• [What you will do] Pictures are to be left out, and only the lines below starting at the one with "For block models, it" and ending at the one with "Soccer scoreboard, statistics, schedule" are to be reproduced, each exactly, both ends included.

====== Material shown ======

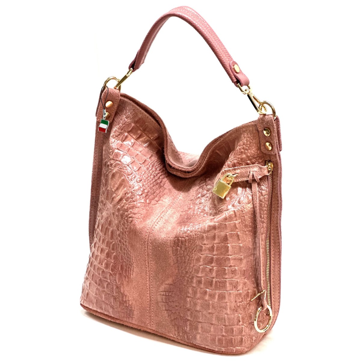 Beuteltasche Leder rosa, geprägt Damen Hobo Bag Tasche - Florence
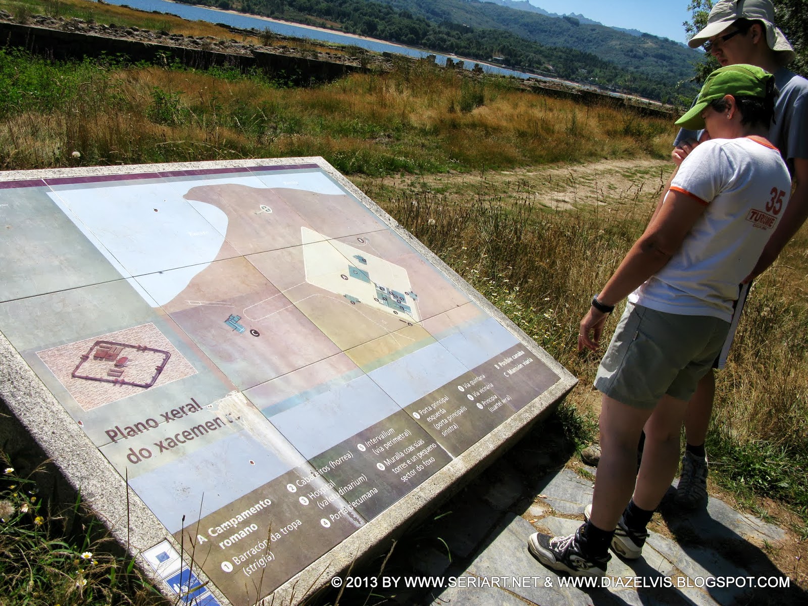 El asentamiento ocupa 3 hectáreas y su disposición es la clásica: forma rectangular y dos vías principales ortogonales, el cardo (en este caso de 4 m. de anchura) y el decúmanos. Posee una muralla de esquinas suavizadas y fábrica de perpiaños graníticos (en latín, opus vittattum), con 3,20 metros de altura y almenas semicilíndricas. Las torretas sobresalen aproximadamente 10 cm. desde las almenas. La muralla está separada de las construcciones del interior por un intervallum de 11 metros. Hay un foso exterior a la muralla con forma de “V” en profundidad, de 4 m. de ancho por 3 m. de fondo. Tiene 4 puertas principales, las que corresponden a los extremos de las dos calles citadas; se han excavado dos de ellas: la Principalis Sinistra y la Decumana. La primera posee dos vanos y la segunda sólo uno. Se han identificado tres barracones, líneas de habitaciones en edificios enfrentados en torno a un patio con cisterna para recoger el agua de lluvia. Las estancias, de 3×3 metros y preparadas para albergar hasta 8 soldados, tienen un suelo de tierra batida, están divididas en dos zonas. Las puertas y oquedades están al sol.
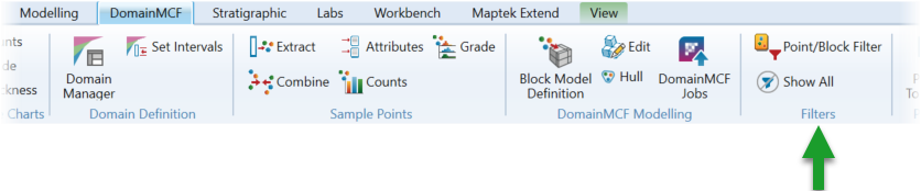 For block models, it is helpful to control the visibility of individual domains within the model. You can do this using the Point/Block Filter. The same tool can also be used to filter any attributed point data.
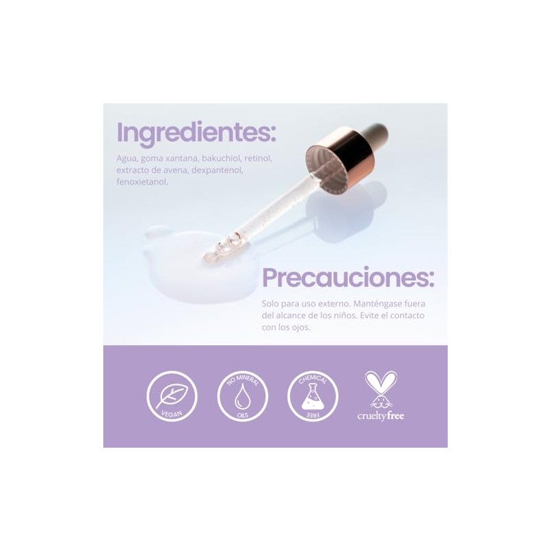 Suero Facial para Cuidado de la Piel (30 ML, Nuneth - Serum Facial Bakuchiol y Retinol, Renueva, Rejuvenece y Restaura)
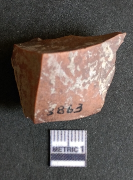 | Description / विवरण | The chert flake shows prominent bulb of percussion on the proximal end. The flake also shows the process of core reduction or retouch owing to the secondary flaking. The flake rigdes are also visible. |
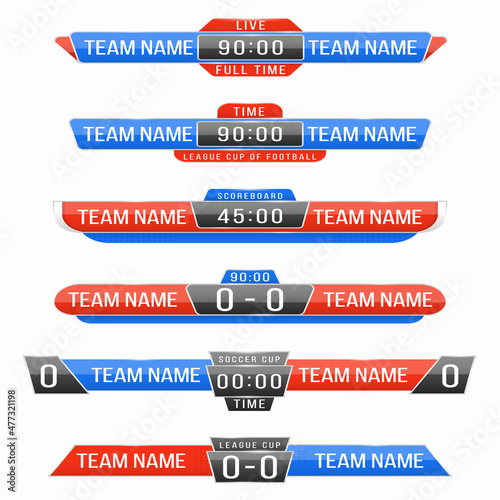 Soccer scoreboard, statistics, schedule or table template on red background vector illustration
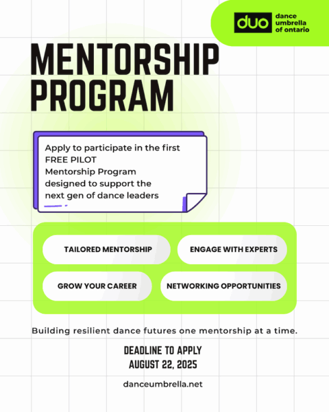 Dance Umbrella of Ontario is piloting a FREE 5-month mentorship program to support the next generation of dance leaders
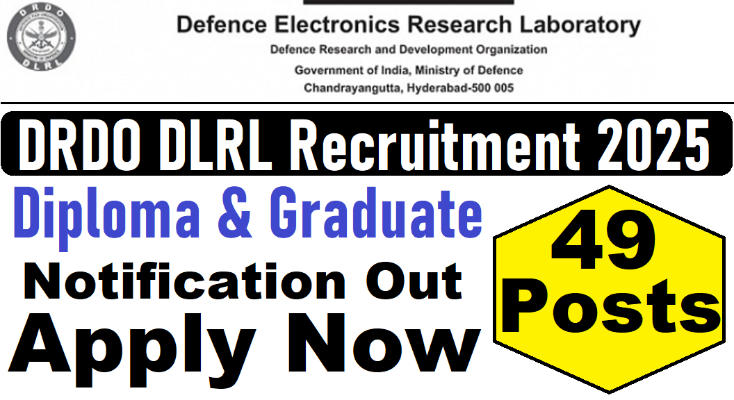 DRDO DLRL Recruitment 2025 : Defence Research & Development Organization (DRDO) की ओर से (Apprentice) 46 Posts पर Walk-In-Interview निकली है जिसका Interview Date 22 & 23 December 2025 , सुबह 09:30 बजे है|Diploma & Graduate candidates Offline Walk-In-Interview में शामिल हो सकते हैI आपकी Walk-In-Interview Location – Defence Electronics Research Laboratory (DLRL) , Chandrayangutta, Hyderabad – 500 005 रहने वाला हैI DRDO DLRL Walk-In-Interview 2025 Full Notification निचे दिया गया है |
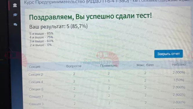 📝Помощь с тестом «КМ-1: Основное содержание нормативно-правовых актов» по курсу «Предпринимательство» в ИДДО – гарантия результата!☑️
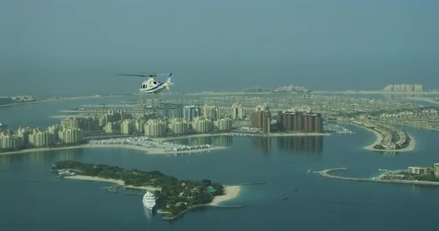 Aerial shot of Dubai focusing on the helicopter flying
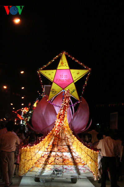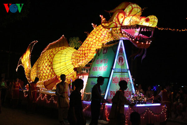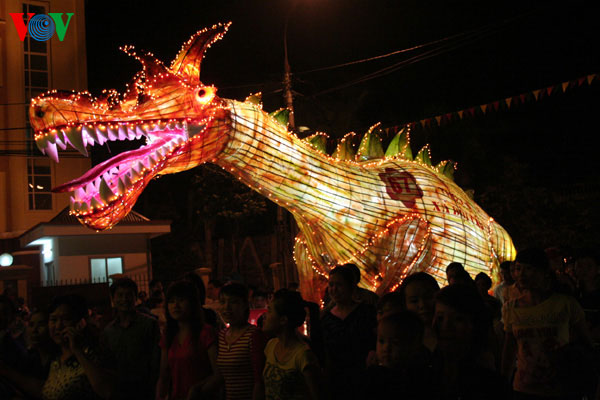 On display are lanterns of all shapes and sizes, each 3-4 metres high. The most impressive ones are in the shape of dragon, national hero, and Tan Trao banian tree.
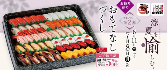 にぎり長次郎のお持ち帰りセット商品『おもてなしづくし』は季節により盛り込み内容が変わる商品。 6/11(火)~7/8(月)までは、旬の「しまあじ」や「はも」、「本まぐろ中とろ」・「煮あわび」も盛り込んだ豪華な桶になっており、ちょっといい日にぴったりです。

======

• [Answer box]
 For block models, it is helpful to control the visibility of individual domains within the model. You can do this using the Point/Block Filter. The same tool can also be used to filter any attributed point data.
 Suero Facial para Cuidado de la Piel (30 ML, Nuneth - Serum Facial Bakuchiol y Retinol, Renueva, Rejuvenece y Restaura)
 | Description / विवरण | The chert flake shows prominent bulb of percussion on the proximal end. The flake also shows the process of core reduction or retouch owing to the secondary flaking. The flake rigdes are also visible. |
 Soccer scoreboard, statistics, schedule or table template on red background vector illustration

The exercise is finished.